[DIRECTIONS] Leaving out the pictures, retype the lines from the top of the listing through the line with "Джемпер, лонгслив 46-48" exactly.

[RECORDS SUPPLIED]
★ ★ ★ ★ ★

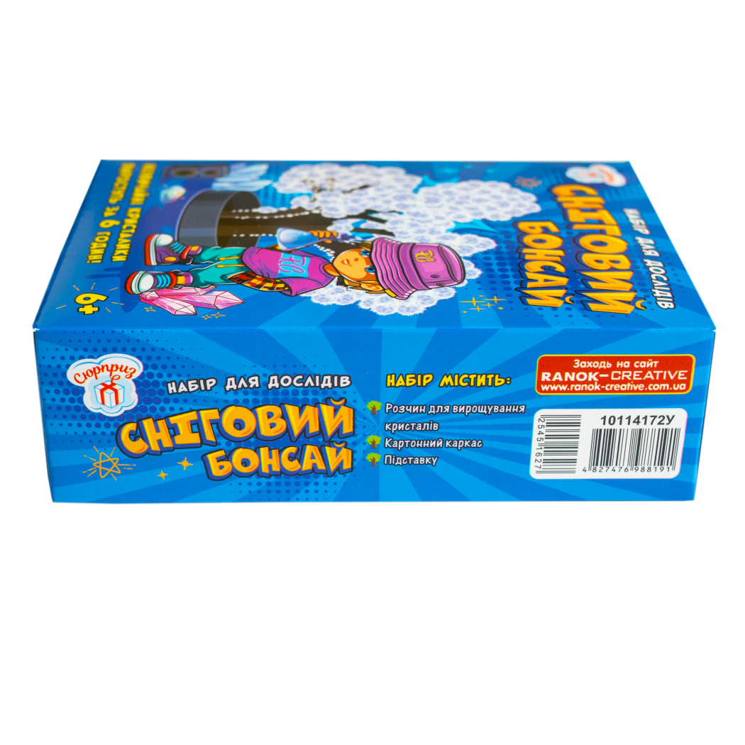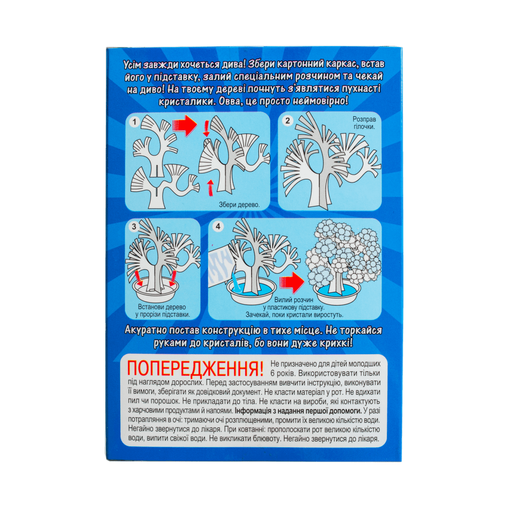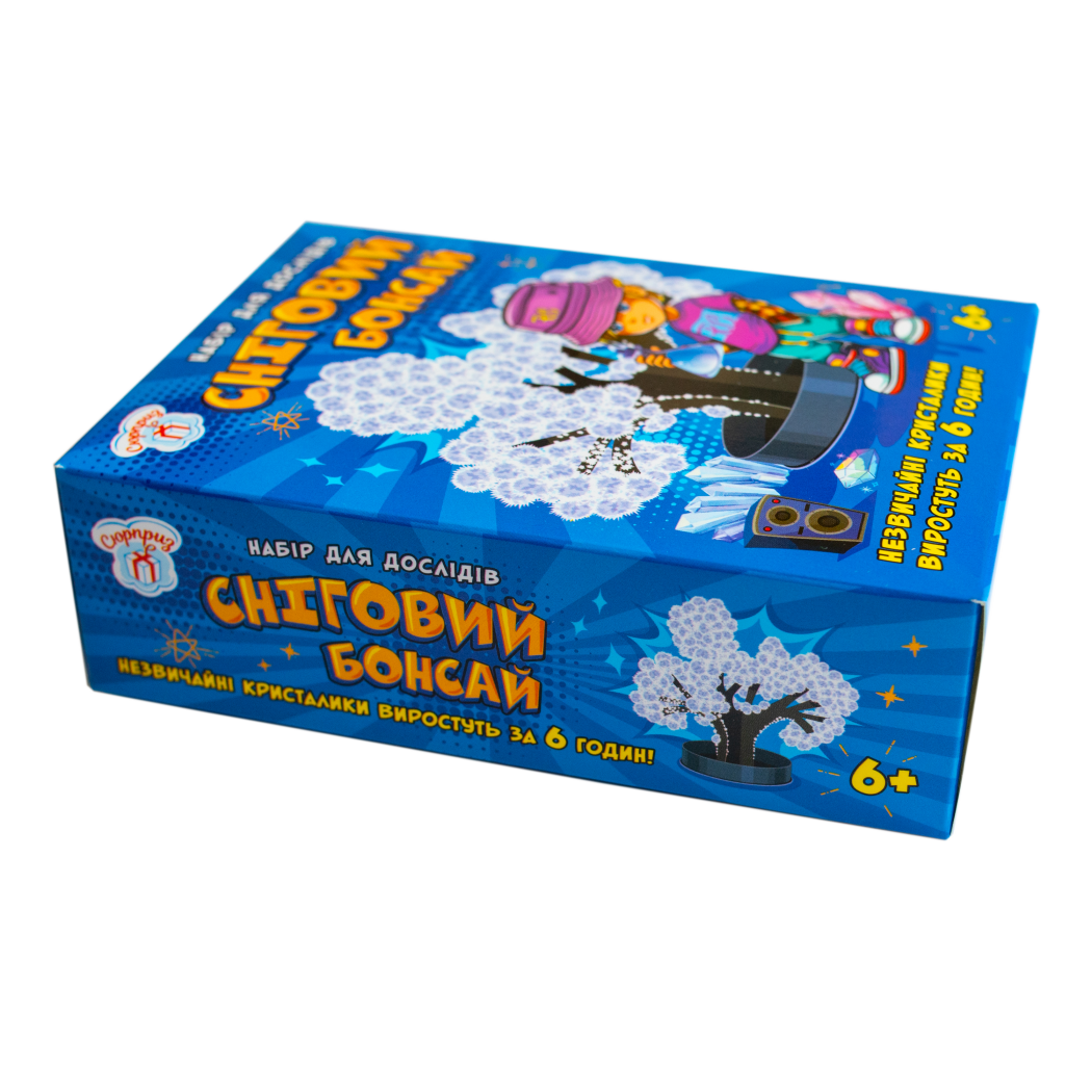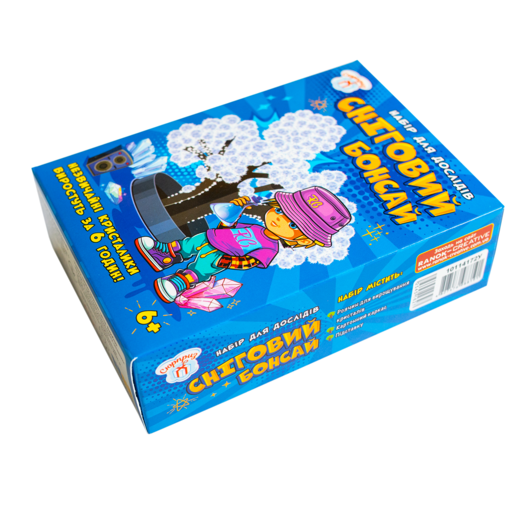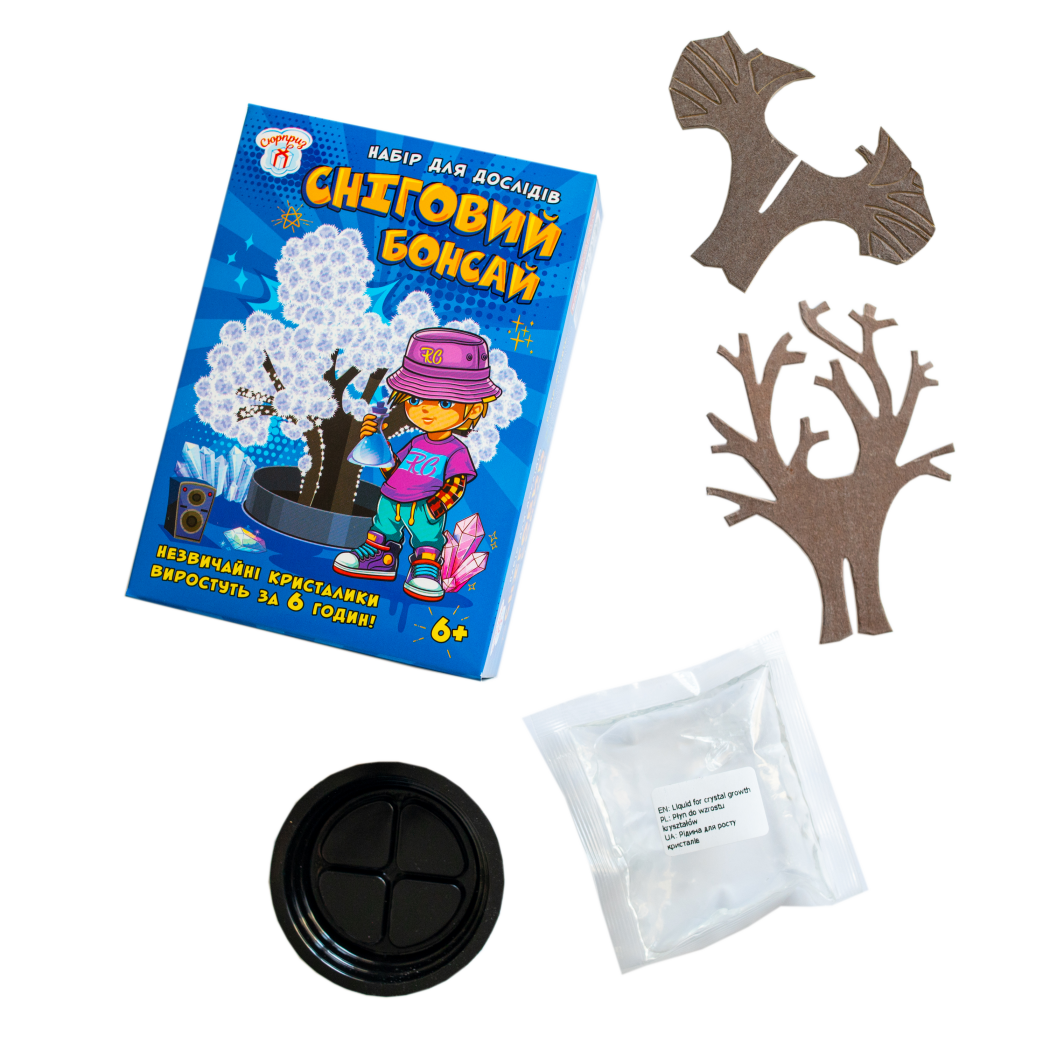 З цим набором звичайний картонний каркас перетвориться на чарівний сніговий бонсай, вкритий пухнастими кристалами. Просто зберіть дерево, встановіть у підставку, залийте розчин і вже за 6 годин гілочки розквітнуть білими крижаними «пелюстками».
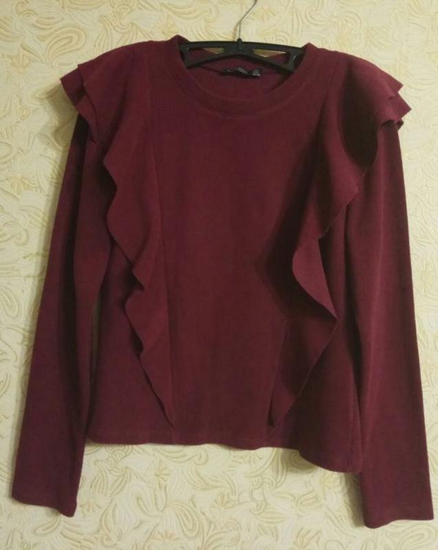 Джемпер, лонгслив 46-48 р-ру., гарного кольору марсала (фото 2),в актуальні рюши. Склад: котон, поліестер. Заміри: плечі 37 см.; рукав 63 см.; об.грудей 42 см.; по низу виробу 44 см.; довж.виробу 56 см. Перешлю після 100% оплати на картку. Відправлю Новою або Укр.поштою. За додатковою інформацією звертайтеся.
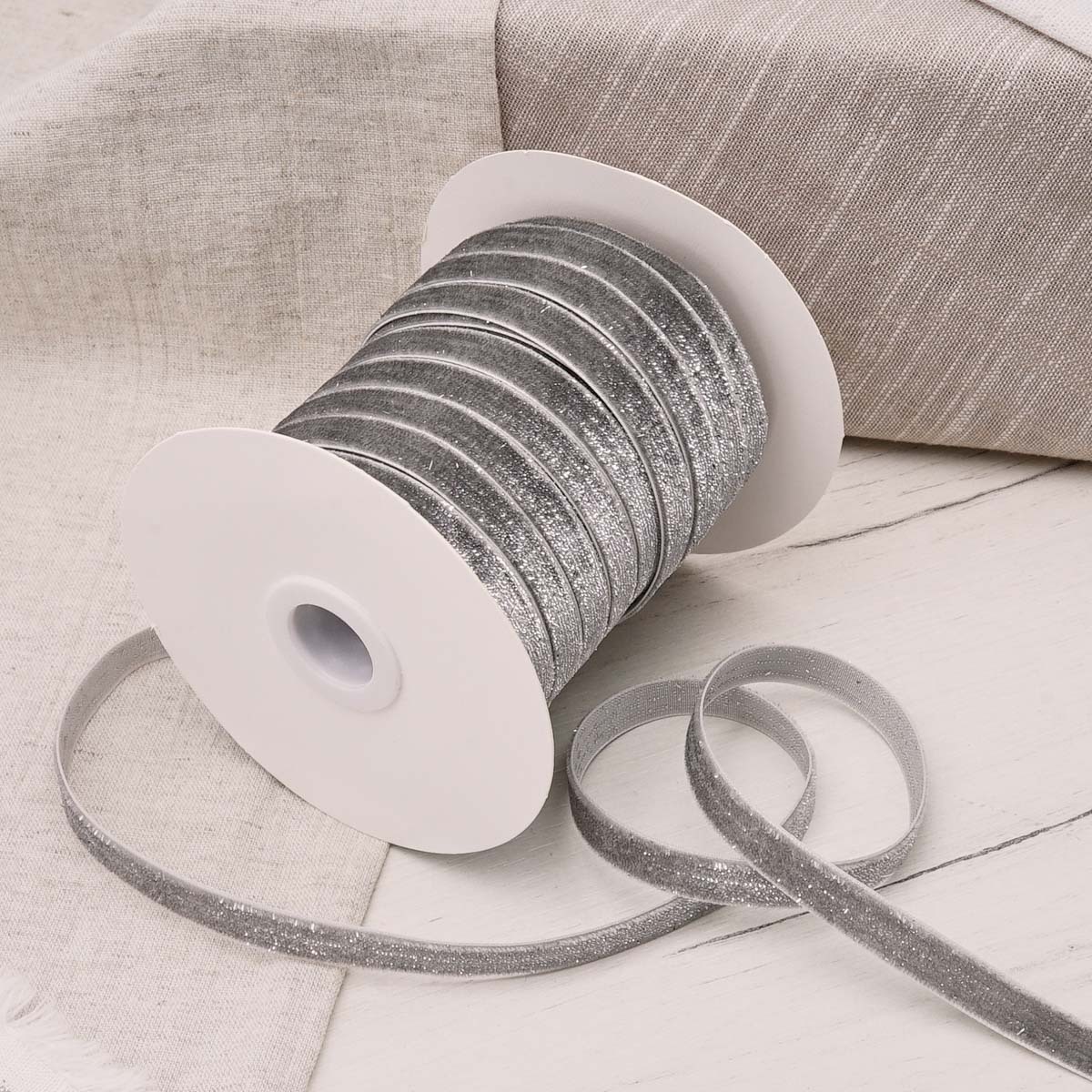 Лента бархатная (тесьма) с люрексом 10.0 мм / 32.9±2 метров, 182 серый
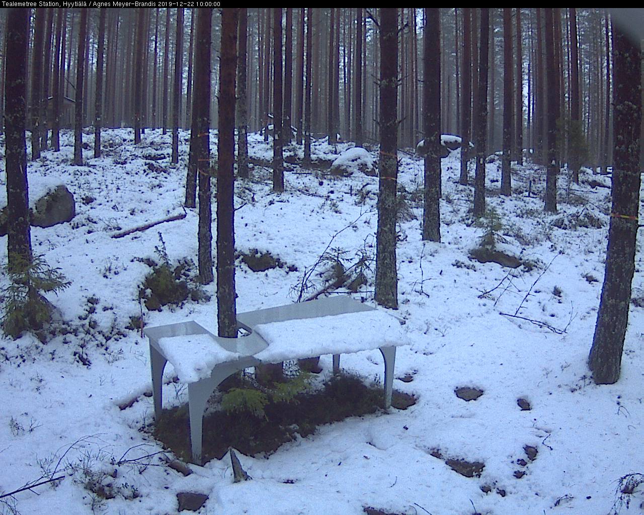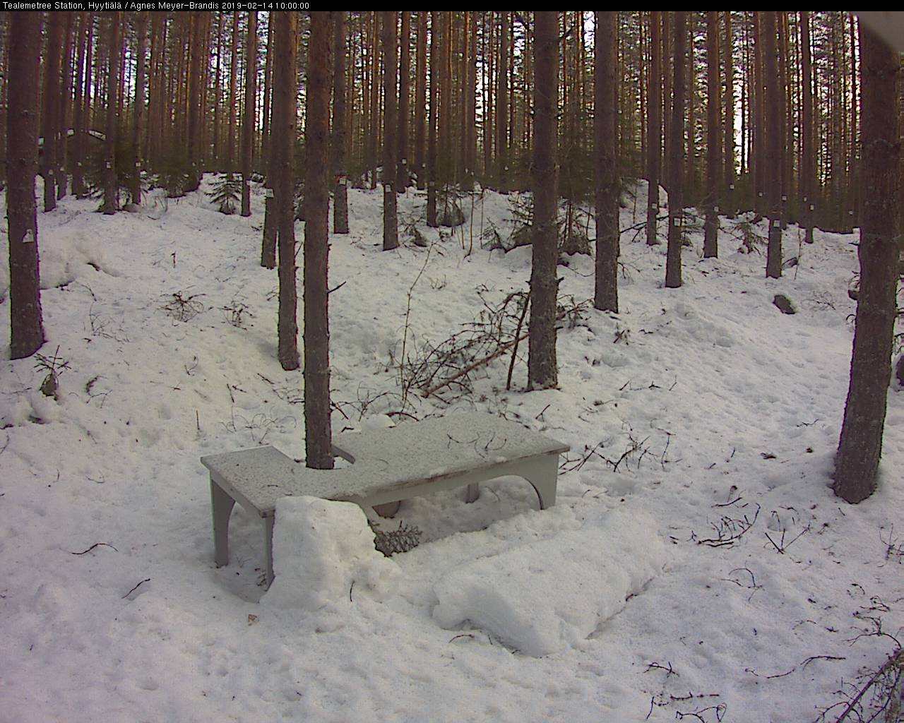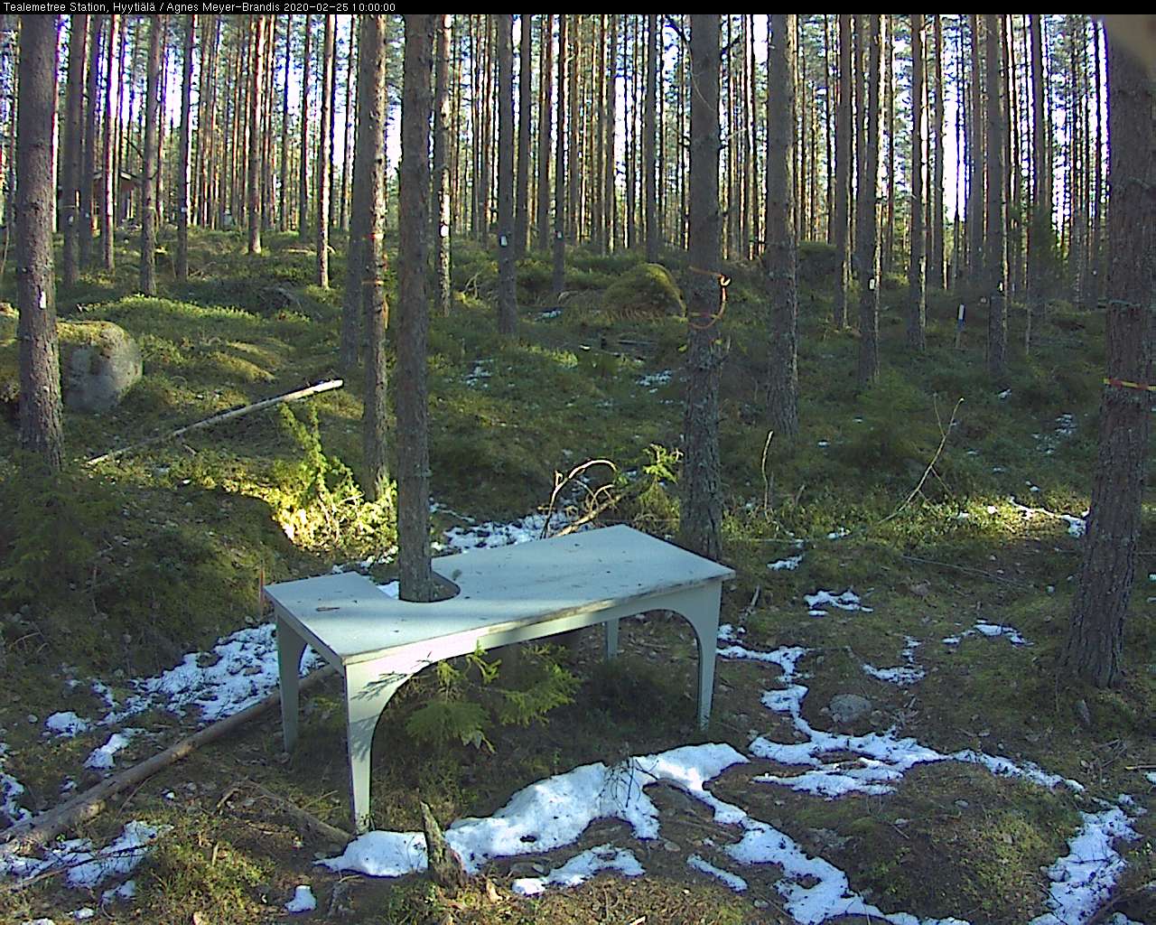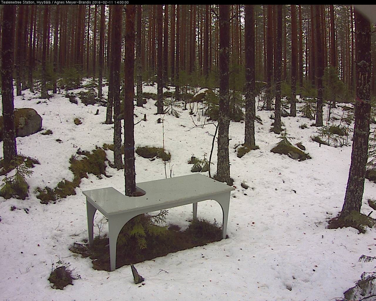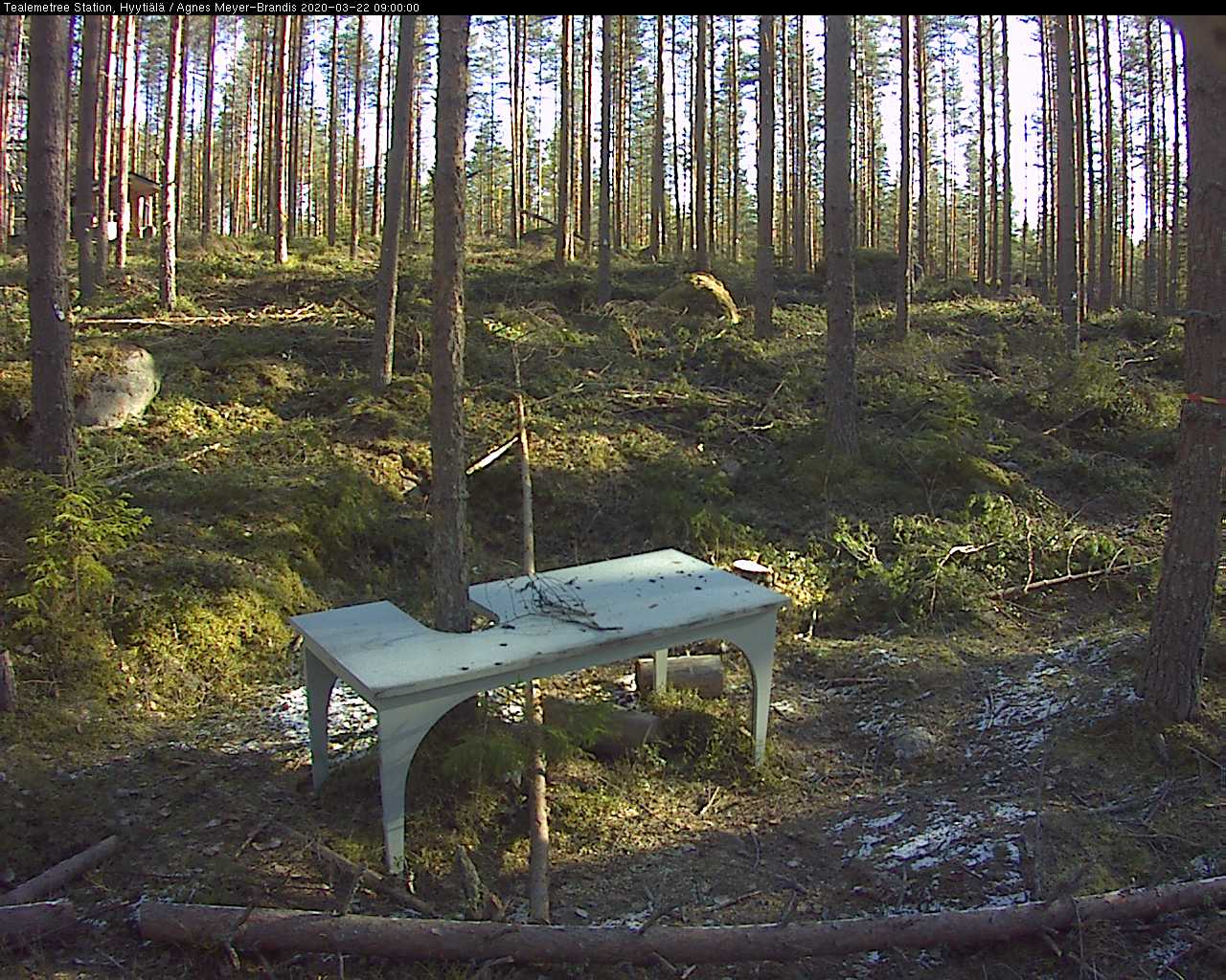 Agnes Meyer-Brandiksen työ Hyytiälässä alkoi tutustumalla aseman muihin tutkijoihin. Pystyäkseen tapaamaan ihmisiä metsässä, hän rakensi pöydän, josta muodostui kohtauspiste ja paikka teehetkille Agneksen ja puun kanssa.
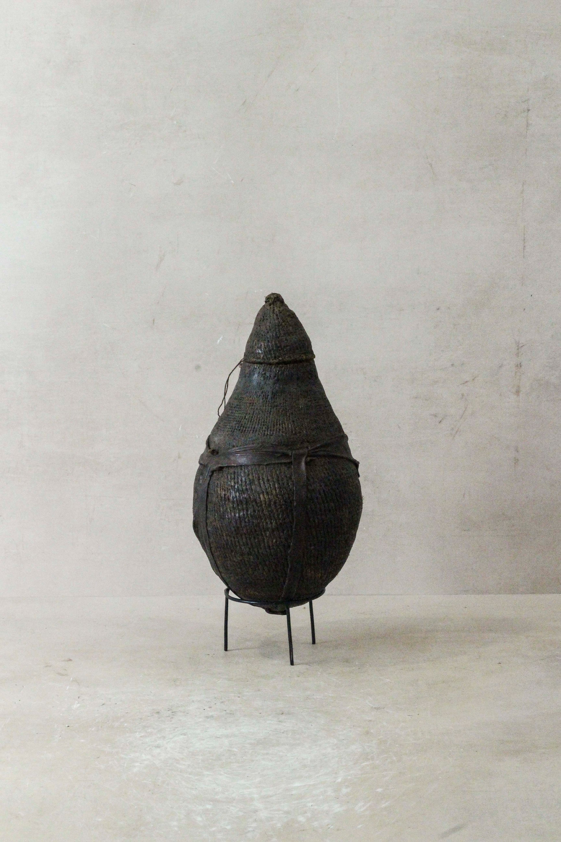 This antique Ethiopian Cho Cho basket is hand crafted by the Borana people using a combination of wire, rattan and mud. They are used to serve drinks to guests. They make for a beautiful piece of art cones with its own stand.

★ ★ ★ ★ ★

[RESULT OF THIS TASK]
 З цим набором звичайний картонний каркас перетвориться на чарівний сніговий бонсай, вкритий пухнастими кристалами. Просто зберіть дерево, встановіть у підставку, залийте розчин і вже за 6 годин гілочки розквітнуть білими крижаними «пелюстками».
 Джемпер, лонгслив 46-48 р-ру., гарного кольору марсала (фото 2),в актуальні рюши. Склад: котон, поліестер. Заміри: плечі 37 см.; рукав 63 см.; об.грудей 42 см.; по низу виробу 44 см.; довж.виробу 56 см. Перешлю після 100% оплати на картку. Відправлю Новою або Укр.поштою. За додатковою інформацією звертайтеся.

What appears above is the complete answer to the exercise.